Approach gradients

[From Rick Marken (2002.05.24.1000)]

Bruce Nevin (2002.05.23 11:17 EDT) --

maybe we should reserve NEC for the phenomenon and
use related terms that refer specifically to the class of mechanisms
being proposed.

I don't think it's a good idea to call the phenomenon NEC because it implies that
we can see the error (E) that is non-monotonically related to output. I think I
like the name used by Dollard and Miller to describe this phenomenon: "approach
gradient". An approach gradient is observed level of output as a function of
distance from a presumed goal. If this gradient is non-monotonic -- if it has a
component where an increase in output is associated with a decrease in distance
from the presumed goal -- then this phenomenon _might_ require an explanation in
terms of a non-linear error curve.

Bruce Nevin (2002.05.23 23:28 EDT)--
Bill Curry (2002.o5.23.1000 EDT)--

Can either of you think of a way to convince yourselves, experimentally, that an
observed non-monotonic approach gradient -- such as the one observed by Dollard
and Miller -- is based on sequence control (your preferred explanation) rather
than a NEC?

Best regards

Rick

···

--
Richard S. Marken, Ph.D.
The RAND Corporation
PO Box 2138
1700 Main Street
Santa Monica, CA 90407-2138
Tel: 310-393-0411 x7971
Fax: 310-451-7018
E-mail: rmarken@rand.org

[From Bruce Nevin (2002.05.24 16:01 EDT)]

Rick Marken (2002.05.24.1000)--

Can either of you think of a way to [show], experimentally, that an
observed non-monotonic approach gradient -- such as the one observed by Dollard and Miller -- is based on sequence control [...] rather than a NEC [output function mechanism]?
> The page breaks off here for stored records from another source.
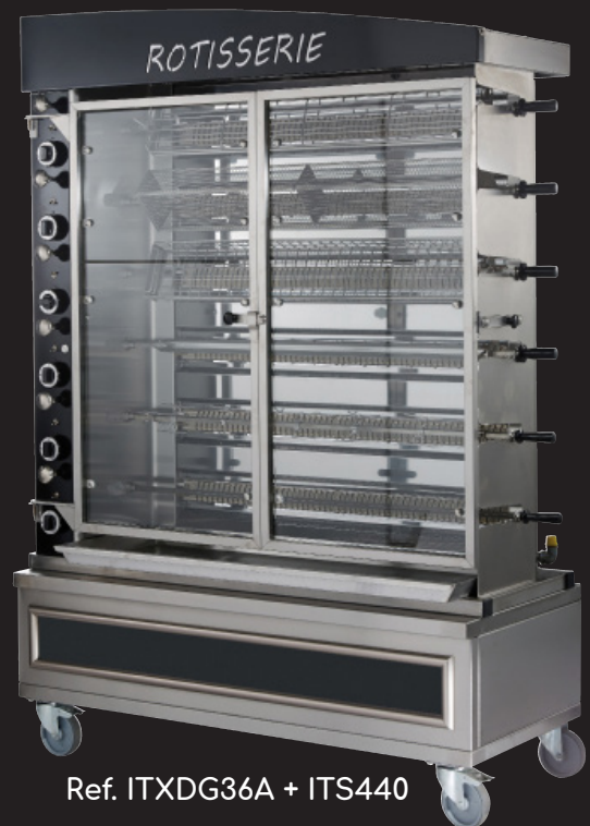
Ref. ITXDG36A + ITS440
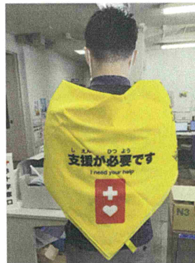
図2.災害時ヘルプバンドナ 使用方法
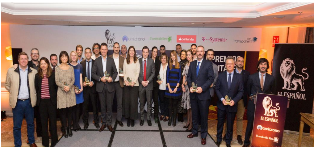
Foto de familia de los miembros del Jurado junto a los premiados de la Categoría de Innovación en los II Premios Digitales de EL ESPAÑOL
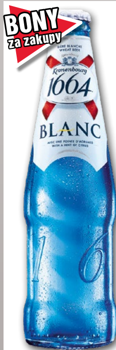
PIWO 1664 BLANC 330 ML 650881
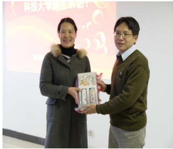
●代表我方致贈湖北經濟學院
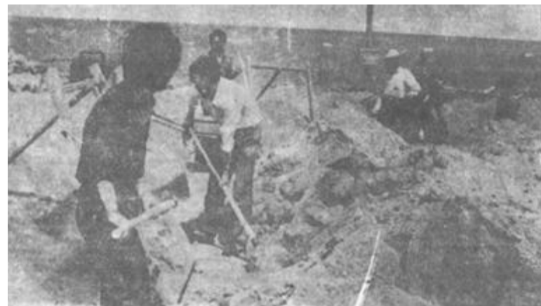
驻东营的惠民地区建筑公司第三工程处的职工坚守岗位，以实际行动维护正常的生产秩序和安定团结的政治局面。图为部分干部在施工现场劳动，以确保任务的完成。
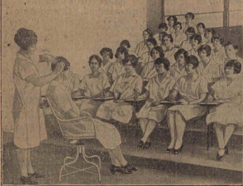
Odbył się ostatnio w Londynie oryginalny konkurs na najpiękniejsze uczesanie główki kobiecej.

Since the NEC output function mechanism by definition produces the output effort gradient that Dollard & Miller report, there is no way to distinguish it from any other mechanism that produces that gradient. It is an untestable hypothesis.

The obvious thing to do is to show that existing mechanisms posited in PCT produce that gradient. If that can be shown, then it follows that the hypothesis of an output function mechanism is unnecessary, redundant, and without evolutionary motivation.

That much can be done entirely with modelling.

There is a problem referring to this as a gradient based on the Dollard & Miller experiment. The gradient they report is already present in the experimental apparatus, which increases its resistance to the rat's movement as the rat approaches the food. The observed gradient is actually imposed, by means of the harness, upon the rat's movement. The rat is controlling "walk over to food"; the harness impedes the movement, a disturbance; the rat resists that disturbance. Because the disturbance is gradient, the rat's efforts to resist the disturbance are gradient. On the face of it, this is straightforward PCT. I assume the resistance of the harness was not the same throughout the rat's progress, first because that is not how I understood the description, and second because, if the rat was speeding up against uniform resistance, I would expect it to speed up without any disturbance, i.e. normal locomotion with no harness attached. After all, there is a certain amount of resistance in the physics of walking from A to B -- if there were not, there would be no need to expend energy to do it.

The rat's stepping actions result in the continuous movement of the rat's body. If disturbance is applied to one discrete step and not to others, there will be no gradient, but PCT predicts that there will be an increase of effort in that step to counter that disturbance.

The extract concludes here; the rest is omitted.